Category Archive: Geekery

Live Word Count in VIM!

A live word count (one updated as you type) is a feature I love when writing non-technical documents and non-programs.

For instance, newer versions of Wordpress feature this at the bottom of your new post text box (though it waits until you’ve hit a rest period in your typing before it updates the count, although this is a very short rest period indeed). It’s also a great feature of surprisingly few author-orientated writing programs (Scrivener is one).

However, for items that are neither Wordpress blog posts nor fiction, I prefer to use vim, because you can’t take the programmer out of the writer sometimes. Heck, even for blog posts or fiction I often prefer vim (especially in the area of syntax highlighting). But sadly, for a long time, vim did not come with a live word count.

Until now.

Well, sort of. There’s a version that’s been cooked up by one of the commenters on Stack Overflow.

I use this just in macvim, not terminal vim, because macvim is for more extended projects/programming, and terminal vim is for quick and dirty scripts. Thus I only really care about wordcount in the Mac equivalent of gvim.

But no worries; if you use .gvimrc in addition to .vimrc, then .gvimrc acts as overrides for things in .vimrc. Excellent, of course.
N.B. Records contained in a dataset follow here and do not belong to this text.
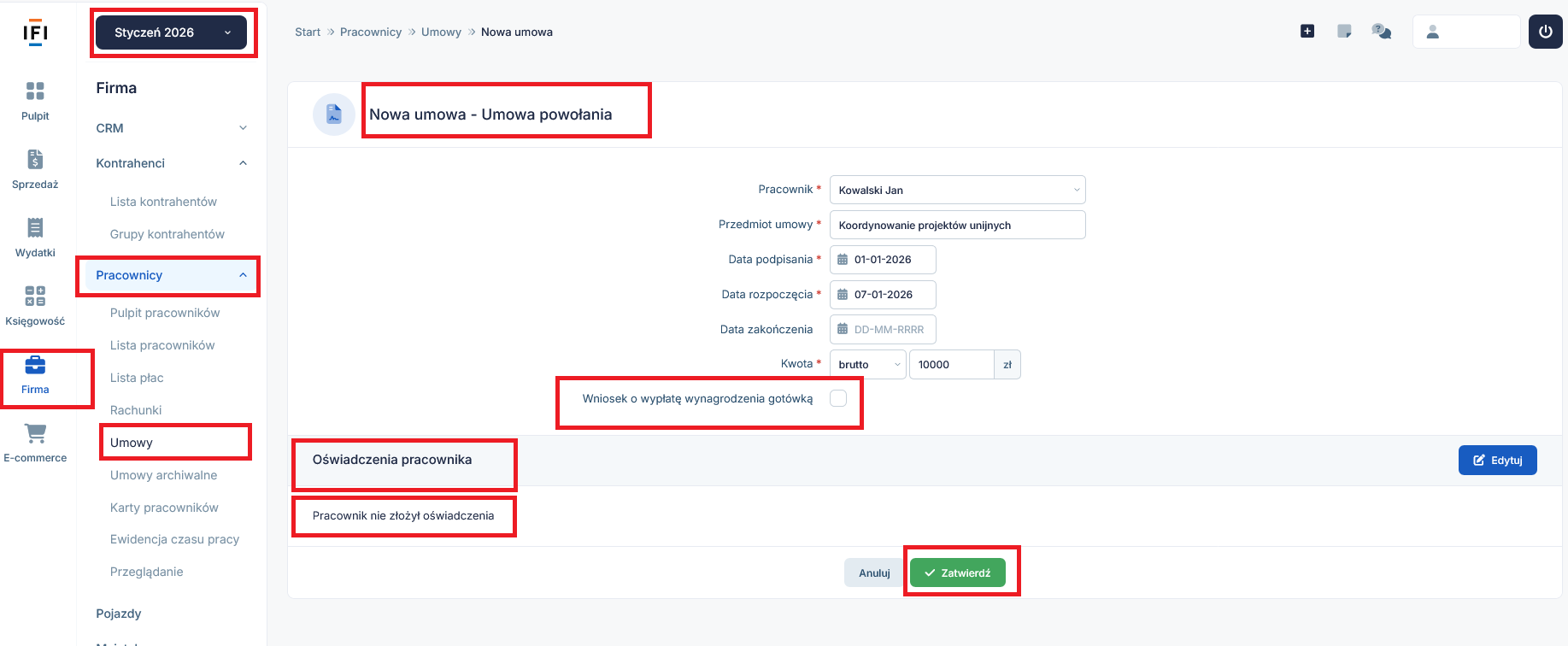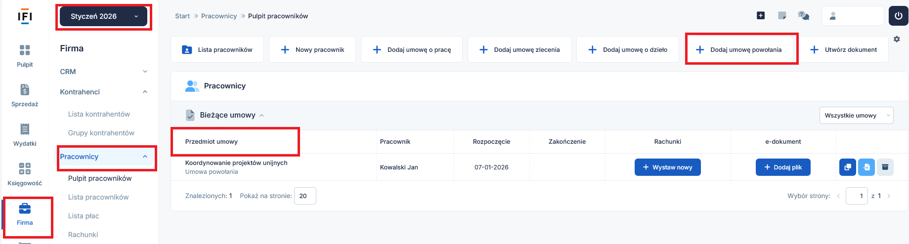 Po wprowadzeniu pracownika dokonujemy rejestracji umowy powołania. W tym celu wchodzimy w zakładkę Firma → Pracownicy → Umowy → Dodaj umowę powołania.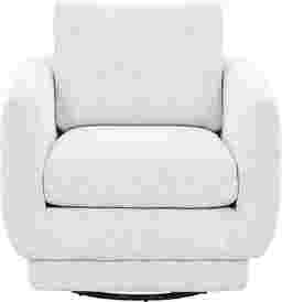 Putting a chic spin on signature living room style, the Carmen swivel chair brings contemporary character to your living space. Boasting a fashionable silhouette with sleek track arms, this inviting accent piece offers a relaxed place to unwind with a plush loose foam core seat cushion and smooth pivot swivel motion. Upholstered in woven fabric, the chair's white color is designed to add a distinctive accent to your room. Upholstery: 100% Polyester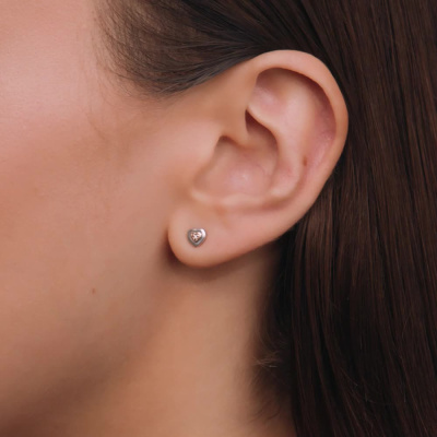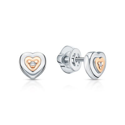 Серьги с 2 бриллиантами природными, 0.007 карат, огранка круг 17 граней, цвет 3, чистота 3, тип огранки Б; Серебро 925 пробы.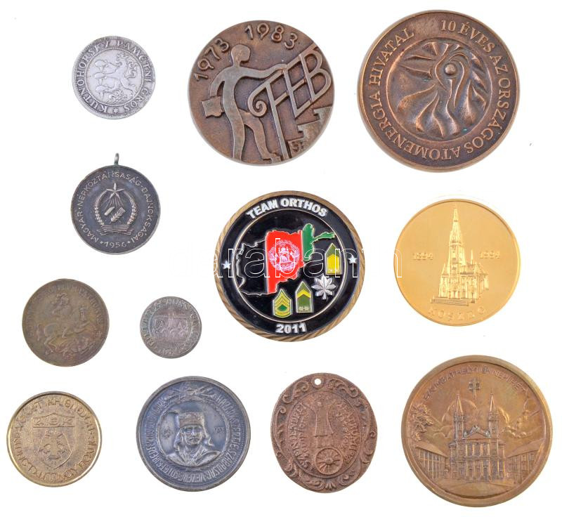Leírás: Vegyes 17db-os emlékérem tétel, magyar és külföldi darabokkal, közte 1934. "Szombathelyi Ünnepi Hét" Br emlékérem (50,5mm), 2001. "10 éves az Országos Atomenergia Hivatal" Br emlékérem (55mm), DN "Pro Universitate Érdemérem / Gödöllői Agrártudományi Egyetem" aranyozott fém emlékérem, műanyag tokban, 2011. "Team Orthos / OMLT 1/6 - 209/2/3 Ana Kandak" fém katonai emlékérem (50,5mm) T:2,2-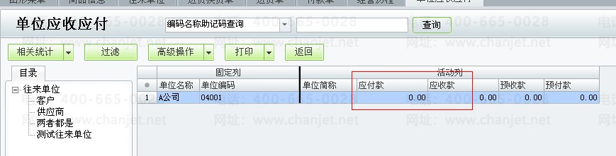 此时查看单位应收应付信息时发现并不会造成应收应付的增减变动。
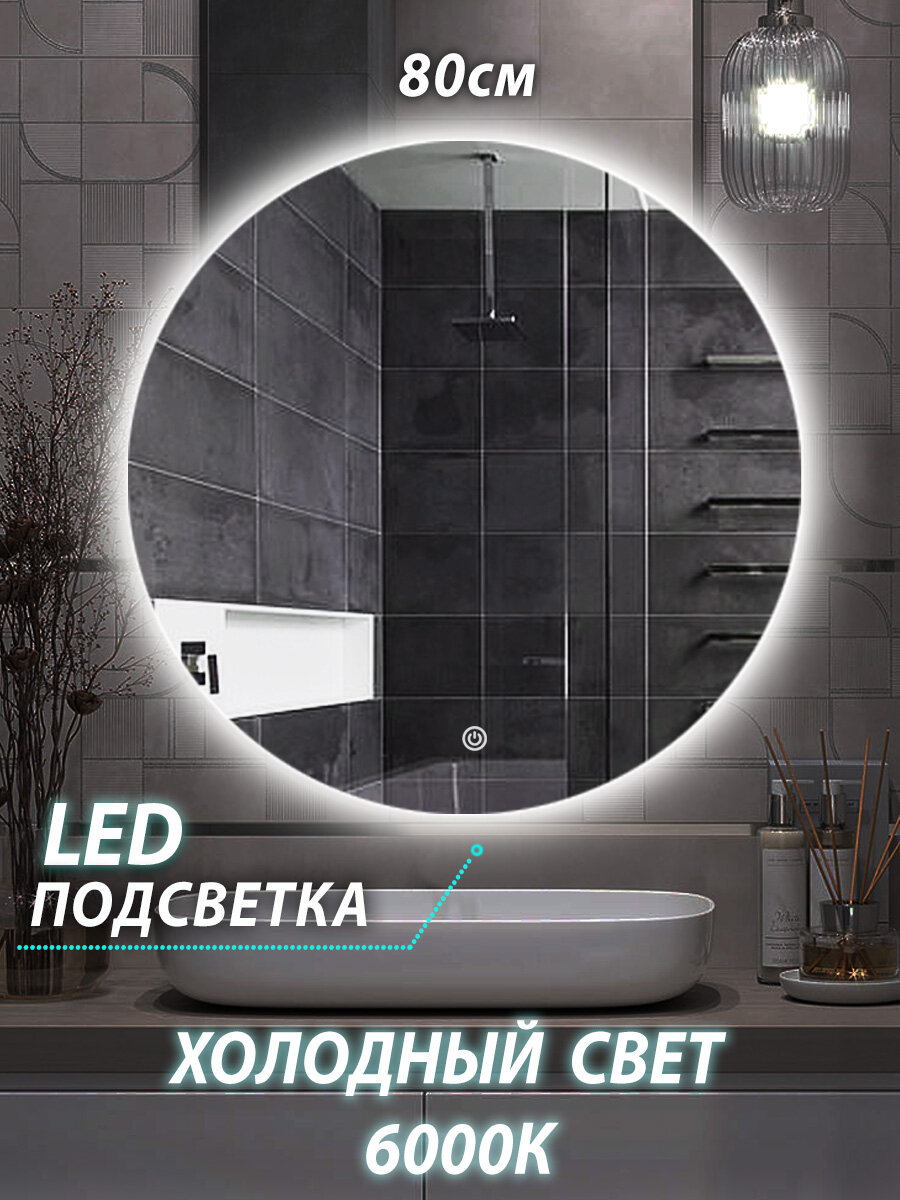 Зеркало настенное для ванной КерамаМане 80*80 см со светодиодной сенсорной холодной подсветкой 6000 К

So this went into my .gvimrc (and really, it should go into a separate file plugin or something in my .vim directory, but I’m too tired to care at the moment):

"-------------- word count ---------------
" from http://stackoverflow.com/questions/114431/fast-word-count-function-in-vim/120386#120386

"returns the count of how many words are in the entire file excluding the current line
"updates the buffer variable Global_Word_Count to reflect this
fu! OtherLineWordCount()
    let data = []
    "get lines above and below current line unless current line is first or last
    if line(".") > 1
        let data = getline(1, line(".")-1)
    endif
    if line(".") < line("$")
        let data = data + getline(line(".")+1, "$")
    endif
    let count_words = 0
    let pattern = "\\<\\(\\w\\|-\\|'\\)\\+\\>"
    for str in data
        let count_words = count_words + NumPatternsInString(str, pattern)
    endfor
    let b:Global_Word_Count = count_words
    return count_words
endf    

"returns the word count for the current line
"updates the buffer variable Current_Line_Number
"updates the buffer variable Current_Line_Word_Count
fu! CurrentLineWordCount()
    if b:Current_Line_Number != line(".") "if the line number has changed then add old count
        let b:Global_Word_Count = b:Global_Word_Count + b:Current_Line_Word_Count
    endif
    "calculate number of words on current line
    let line = getline(".")
    let pattern = "\\<\\(\\w\\|-\\|'\\)\\+\\>"
    let count_words = NumPatternsInString(line, pattern)
    let b:Current_Line_Word_Count = count_words "update buffer variable with current line count
    if b:Current_Line_Number != line(".") "if the line number has changed then subtract current line count
        let b:Global_Word_Count = b:Global_Word_Count - b:Current_Line_Word_Count
    endif
    let b:Current_Line_Number = line(".") "update buffer variable with current line number
    return count_words
endf    

"returns the word count for the entire file using variables defined in other procedures
"this is the function that is called repeatedly and controls the other word
"count functions.
fu! WordCount()
    if exists("b:Global_Word_Count") == 0
        let b:Global_Word_Count = 0
        let b:Current_Line_Word_Count = 0
        let b:Current_Line_Number = line(".")
        call OtherLineWordCount()
    endif
    call CurrentLineWordCount()
    return b:Global_Word_Count + b:Current_Line_Word_Count
endf

"returns the number of patterns found in a string
fu! NumPatternsInString(str, pat)
    let i = 0
    let num = -1
    while i != -1
        let num = num + 1
        let i = matchend(a:str, a:pat, i)
    endwhile
    return num
endf

"example of using the function for statusline:
"set statusline=wc:%{WordCount()}

"-------------------------------------------

set statusline=%<\%f\ %y%m%r\ wc:%{WordCount()}%=%l,%c%V\ \ %L\ lines:%P\  

The last piece of configuration is my normal statusline with word count inserted, so it shows up like this:

gvimrc status line with word count

You can get more help with the statusline codes in vim via :help statusline, or visit the vim online documentation project, at ’statusline’. (You can search the rest of the online documentation as well.)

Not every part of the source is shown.